PROBLEM: Starting at the line that contains "A young woman" and stopping at the line that contains "Con lo speciale", transcribe every line of the material below exactly; pictures stay out.

DATA IN THIS EXERCISE:
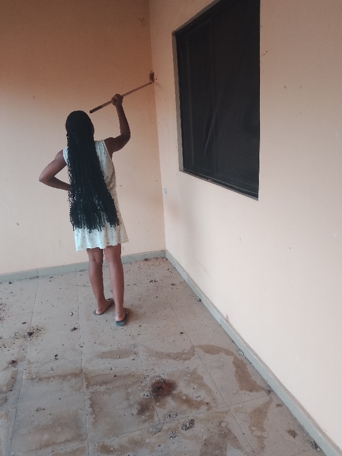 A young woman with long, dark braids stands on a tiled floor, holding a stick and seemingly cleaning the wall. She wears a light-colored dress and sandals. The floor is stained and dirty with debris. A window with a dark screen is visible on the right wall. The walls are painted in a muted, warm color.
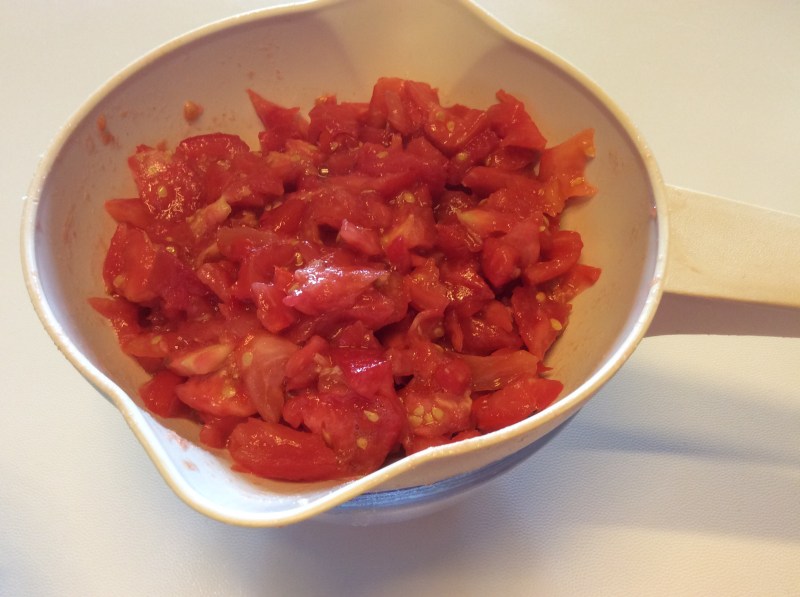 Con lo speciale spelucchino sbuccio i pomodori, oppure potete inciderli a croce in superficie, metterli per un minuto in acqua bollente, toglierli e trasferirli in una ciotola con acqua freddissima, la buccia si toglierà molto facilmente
* * *
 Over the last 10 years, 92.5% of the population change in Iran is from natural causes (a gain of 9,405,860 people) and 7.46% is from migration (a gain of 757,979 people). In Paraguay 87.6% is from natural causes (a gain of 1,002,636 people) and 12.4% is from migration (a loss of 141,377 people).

RESPONSE BELOW:
 A young woman with long, dark braids stands on a tiled floor, holding a stick and seemingly cleaning the wall. She wears a light-colored dress and sandals. The floor is stained and dirty with debris. A window with a dark screen is visible on the right wall. The walls are painted in a muted, warm color.
 Con lo speciale spelucchino sbuccio i pomodori, oppure potete inciderli a croce in superficie, metterli per un minuto in acqua bollente, toglierli e trasferirli in una ciotola con acqua freddissima, la buccia si toglierà molto facilmente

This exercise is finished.